MATERIAL PROVIDED -

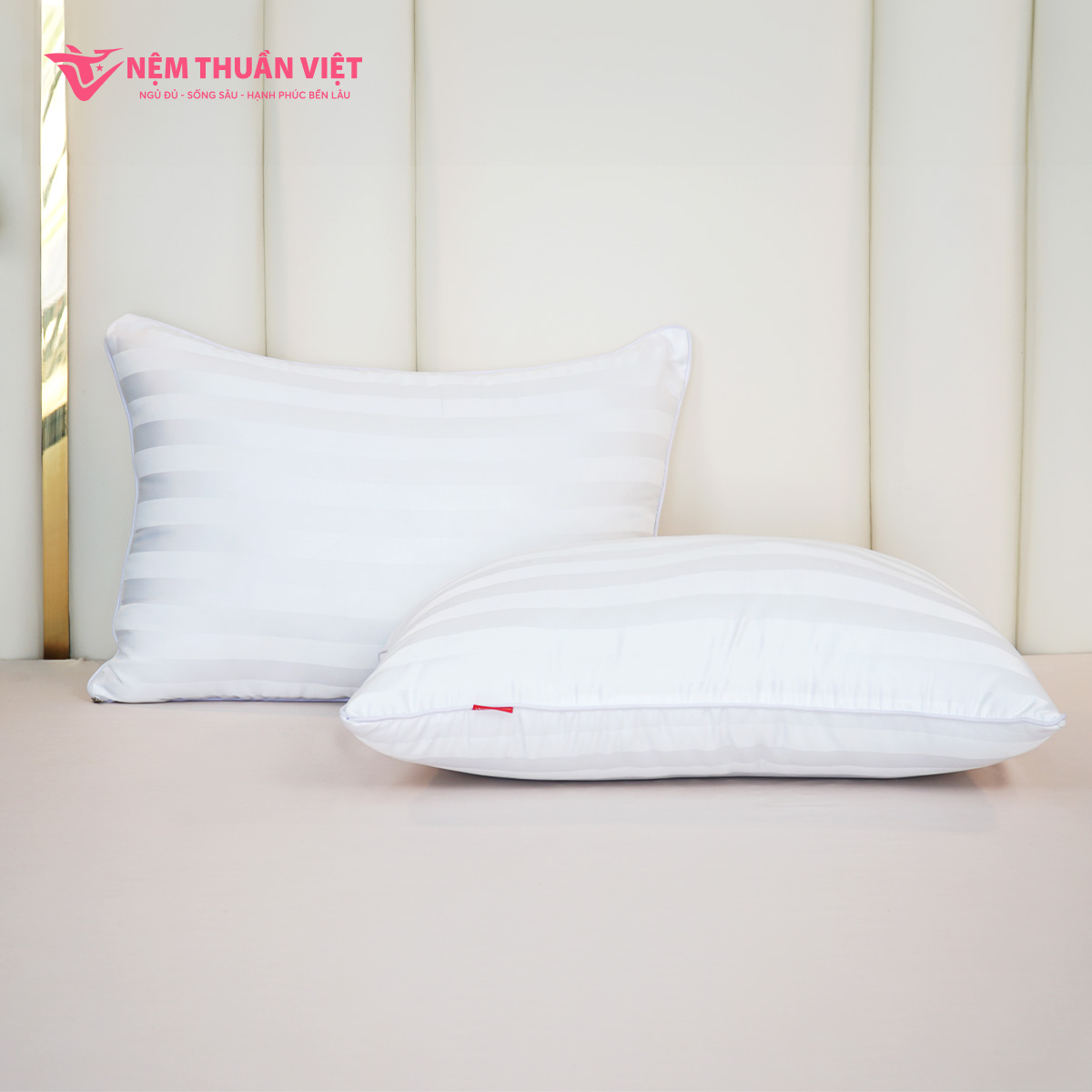 Mua tại TiktokTHÔNG TIN SẢN PHẨM Kích thước: 50cm x 70cm (rộng x dài) Chất liệu: Polyester cao cấp Vỏ áo gối: Vải Polyester sọc khách sạn 3 phân Chính sách đổi trả: 1 đổi 1 trong vòng 7 ngày Bảo hành: 90 ngày
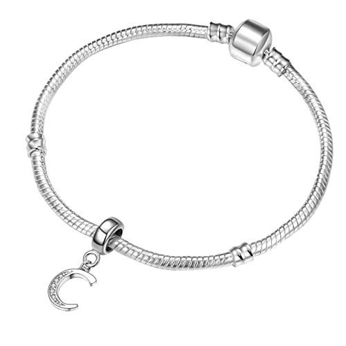Andante-Stones Argento Massiccio Sterling 925 Charm Pendenti Alfabeto C con zirconi Luccicanti CZ Ciondolo da Donna Charm Bead per bracciali e collane Europei+ Sacchetto di Organza
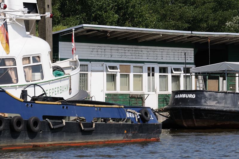 Schiffsponton vor Entenwerder - Schriftzug Zollschiffstation - Arbeitsboote.

WHAT THE TASK REQUIRES -
Copy the entire listing exactly but skip the pictures.

ANSWER FOR THE TASK -
 Mua tại TiktokTHÔNG TIN SẢN PHẨM Kích thước: 50cm x 70cm (rộng x dài) Chất liệu: Polyester cao cấp Vỏ áo gối: Vải Polyester sọc khách sạn 3 phân Chính sách đổi trả: 1 đổi 1 trong vòng 7 ngày Bảo hành: 90 ngày
Andante-Stones Argento Massiccio Sterling 925 Charm Pendenti Alfabeto C con zirconi Luccicanti CZ Ciondolo da Donna Charm Bead per bracciali e collane Europei+ Sacchetto di Organza
 Schiffsponton vor Entenwerder - Schriftzug Zollschiffstation - Arbeitsboote.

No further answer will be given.